White Trash Repairs – The Dumpster Telescope

The Salvation Army Thrift Store, July 2009

Tube, flange and swivel – Salvation Army Thrift store – July 2009. No eyepieces, broken tripod.  Looked too much like junk to find a willing buyer.

It’s been a longish while since I owned a good telescope, an 8″ tube with a tracker drive to allow watching deep space objects or the moon without having to constantly chase the targets.  Since that time I’ve confined my star gazing to a pair of binoculars on a camera tripod unless some acquaintance owned a good one and invited me in for an evening.

But in July, 2009, I found an Orbitor 8500 Chinese tube in the Salvation Army Thrift Store in Kerrville with a sad, badly-used look to it and an unrealistic price tag.  I examined it carefully, then wandered around the store pretending to look at other merchandise while watching other customers when they got near it.  My thought was that if I saw someone getting too interested and likely to snag it I’d beat them to the counter and plunk down the unrealistic money with a pre-emptive strike.
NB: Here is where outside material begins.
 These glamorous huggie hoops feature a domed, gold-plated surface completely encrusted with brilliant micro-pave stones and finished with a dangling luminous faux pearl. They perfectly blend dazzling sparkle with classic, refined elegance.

After a while I moseyed back and talked to a couple of guys who were scowling at it.  I shook my head about it, talking about it not having a drive, speculating how much it would cost getting eyepieces, what a shame it was the tripod was junk.  We agreed a person would be a fool to take it home at any price.  Likely that mirror, I pointed out, was as much a piece of junk as the rest of it.

We all wandered away, and I picked up a couple of books off the 25 cent shelf.  After those two guys left I went back and made a show of frowning at it a while longer before I went over to the counter to talk it over with the lady I’d done a goodly amount of haggling with in the past who knew what to expect from me.
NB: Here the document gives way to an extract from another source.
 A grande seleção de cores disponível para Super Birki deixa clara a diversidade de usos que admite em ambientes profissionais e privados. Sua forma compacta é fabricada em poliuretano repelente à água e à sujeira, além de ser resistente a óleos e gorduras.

Somebody’s going to be back arguing with you if you sell them that telescope and they take it home and try to use it.”  I fiddled around in my pocket for change to pay for the books.

What’s wrong with it?”

If they don’t know what they’re paying for they’ll get it home and end up with something they can’t use.  It’s a cheap Chinese-made thing to start out with, but the tripod’s broken, for starters.  Someone didn’t take care of it.  Probably a kid got it for Christmas and lost interest by New Year, pushed it into the corner until he broke it.” 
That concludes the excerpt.